そんなことになったら、せっかく苦労してマイホームを建てた父と、そんな父のところに来てくれたお母さんに申し訳がない。


わたし自身の仕事はもちろんのこと、アキちゃんのミュージシャン人生だって、もろく崩れ去る。


けれどアキちゃんは手を離すどころか、ますます力を込めて、舌もさらに奥へと押し込んでくる。


ドアの開閉音がした。


わたしは叩くのをやめて、ギュッとアキちゃんのマフラーを握った。


呪縛から逃れるように、肘を突っ張って、背筋をそらす。


その瞬間、腰から下の力がカクンと抜けた。


突然の激しい愛撫に、あらがいながらも、魂を根こそぎ持っていかれてしまっていたようだ。


両足も震えて、体を支えられない。


でも、はずみで、唇が離れた。


わたしからも、アキちゃんからも、思わず吐息が漏れる。


真っ白い息が重なって宙に溶ける。


勾配がついて、完全に離れる寸前、アキちゃんの液体がわたしの中にしたたり落ちた。


ようやくアキちゃんの手が離れて、わたしは地べたに両膝をついた。





雨のせいか、それとも夜も遅くそこに人がいるとは思わなかったのか、隣人はわたしたちには気づかずに、家の中へと入っていった。

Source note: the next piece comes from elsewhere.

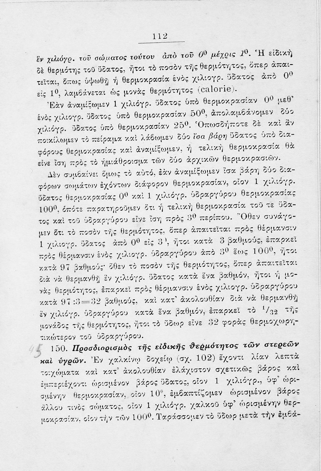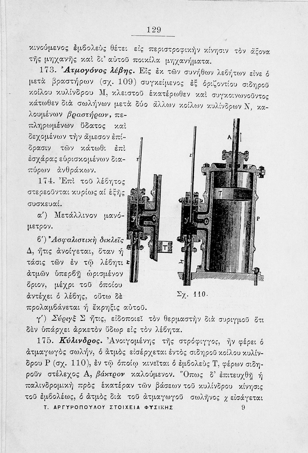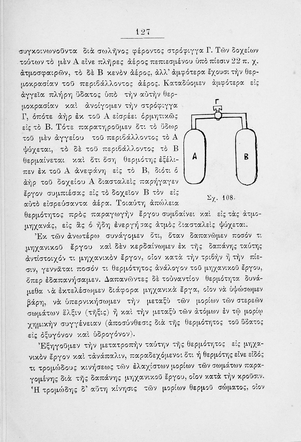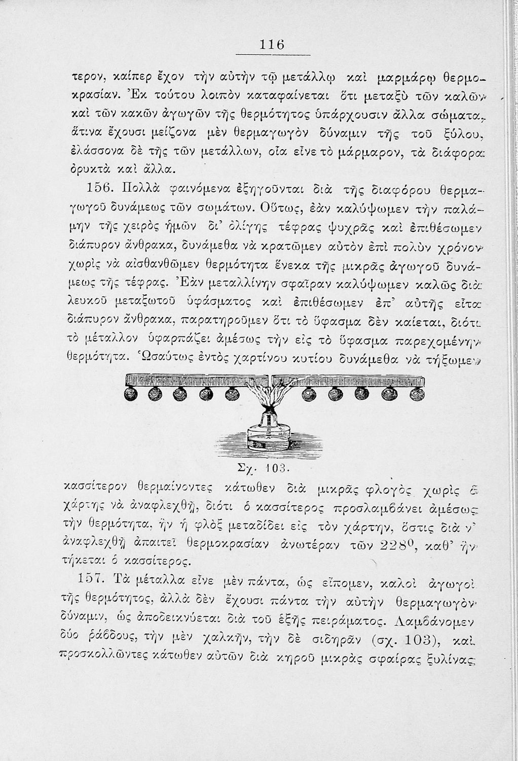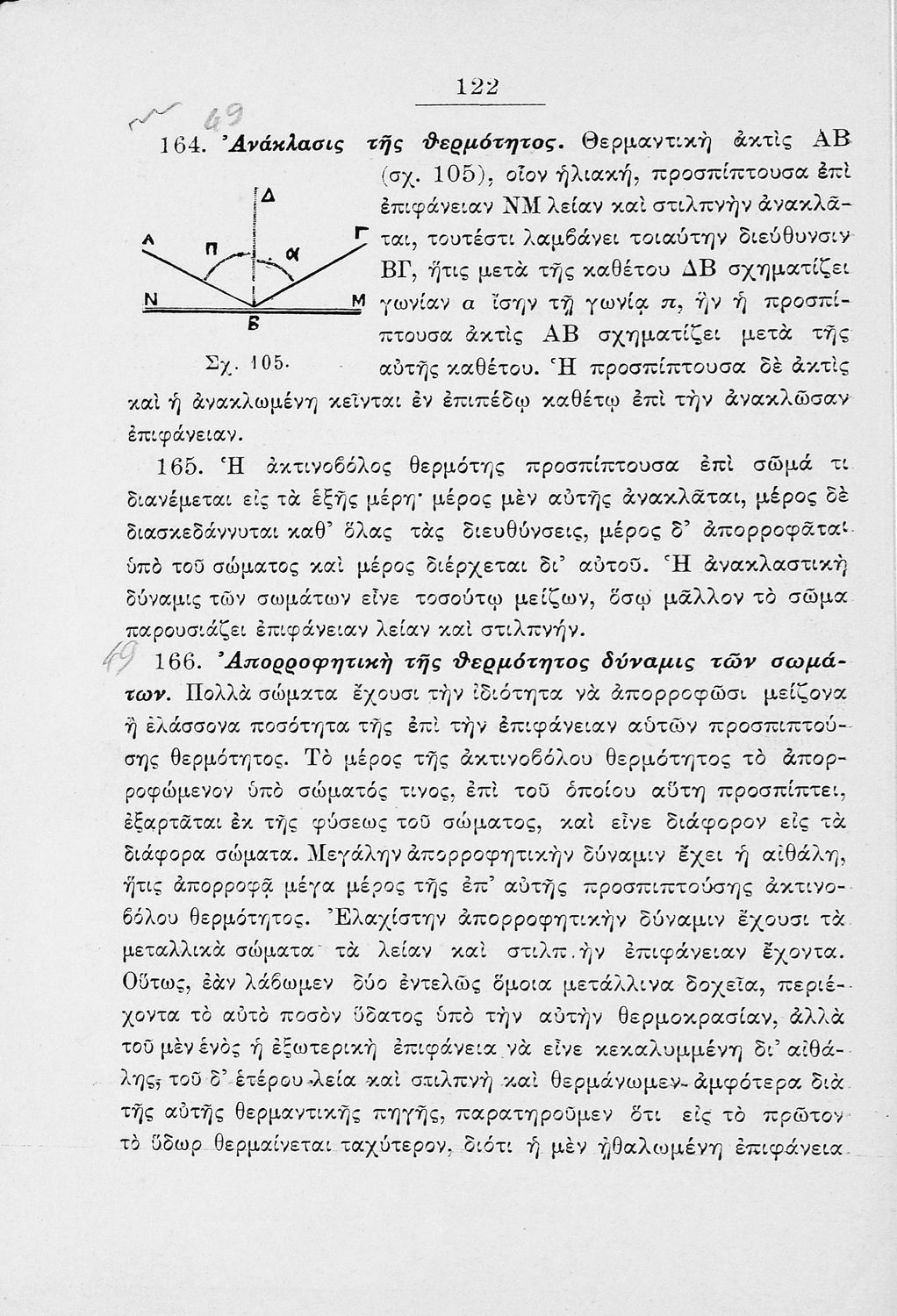 Σχολικό εγχειρίδιο για το μάθημα της Φυσικής. Το εγχειρίδιο περιλαμβάνει εισαγωγικά τις γενικές ιδιότητες των φυσικών σωμάτων και τις στοιχειώδεις γνώσεις της μηχανικής. Ο κύριος κορμός του βιβλίου αποτελείται από τις θεματικές της βαρύτητας, της υδροστατικής αρχής, της ατμοσφαιρικής πίεσης, της θερμότητας, της ακουστικής, της οπτικής, του μαγνητισμού, του ηλεκτρισμού, του στατικού και του δυναμικού ηλεκτρισμού.
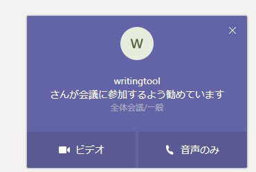 その通知に対して、「ビデオ」か「音声のみ」を選択するだけで、会議に参加することができます。

安堵する一方で、アキちゃんの行動の真意が見えず、わたしはただ息づかいも荒く、アキちゃんを見上げた。


アキちゃんの今まで見たことのない冷ややかな目が、頼りない外灯の明かりに照らされる。


やがてふいっと目をそらすと、わたしを追い越し、傘をたたみ、コートのポケットに入っていた合鍵で施錠を解き、中に入った。


背後で、叩きつけるように扉が閉まる。





何?これ。





横から吹き込んでくる雨に髪を濡らしながら、わたしはしばらくその場に立ち上がれないでいた。